Whole Body MRI for Arthritis Save

Whole-body MRI (wbMRI) reviews have increasingly appeared in the medical literature, owing to better scanners, faster imaging times and reduced costs. Used of such non-oncologic musculoskeletal imaging provides high-contrast resolution images of the entire body or selected regions screening, diagnosis, staging, and surveillance purposes.
Whole-body MRI refers to a series of contiguous vertex-to-toes coronal images acquired sequentially across multiple “stations” of 25–50 cm each and stitched together post-imaging. Total wbMRI scan time ranges between 45 and 75 minutes plus a setup time of 5–10 minutes.

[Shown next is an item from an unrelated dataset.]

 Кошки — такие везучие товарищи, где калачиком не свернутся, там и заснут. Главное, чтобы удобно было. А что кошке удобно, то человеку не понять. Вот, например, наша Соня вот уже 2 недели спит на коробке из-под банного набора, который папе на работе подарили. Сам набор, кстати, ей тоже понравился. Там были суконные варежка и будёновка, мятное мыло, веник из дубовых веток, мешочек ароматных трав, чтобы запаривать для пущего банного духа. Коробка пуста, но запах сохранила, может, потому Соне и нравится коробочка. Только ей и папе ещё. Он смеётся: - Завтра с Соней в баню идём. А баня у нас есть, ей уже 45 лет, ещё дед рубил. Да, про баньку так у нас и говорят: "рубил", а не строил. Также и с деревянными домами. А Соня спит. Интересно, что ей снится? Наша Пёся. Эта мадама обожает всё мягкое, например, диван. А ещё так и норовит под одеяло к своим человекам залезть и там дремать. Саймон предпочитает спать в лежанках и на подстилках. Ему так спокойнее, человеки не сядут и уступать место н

This can be truncated with narrower coverage (e.g., orbits-to-knees, shoulders-to-hips) to fit the clinical scenario.
wbMRI may be beneficial in identifying inflammatory arthritis (eg, RA, SpA, JIA, osteitis, etc) - all characterized by multifocal involvement of both skeletal and extra-skeletal sites.
The advantage of wbMRI includes the detection of subclinical disease foci, quantitative assessment of the total disease burden, greater detail (especially for intraosseous and axial involvement) and the lack of ionizing radiation.

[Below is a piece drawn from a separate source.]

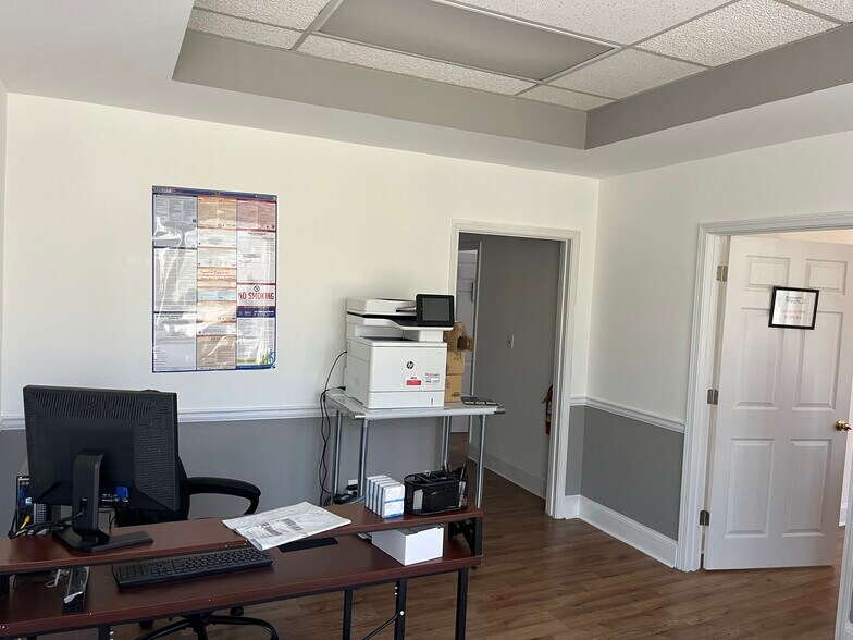 Office boasts reception area, three private offices, conference room, break room, private restroom

Compared to plain radiography, conventional ultrasound, and targeted MRI, wbMRI offers better sensitivity and reproducibility. makes it ideal for monitoring autoimmune diseases also in sensitive cohorts.
Further research is needed to validate scanning protocols, cost-effectiveness, and utility in routine clinical practice.
A comprehensive, full-read review is available here.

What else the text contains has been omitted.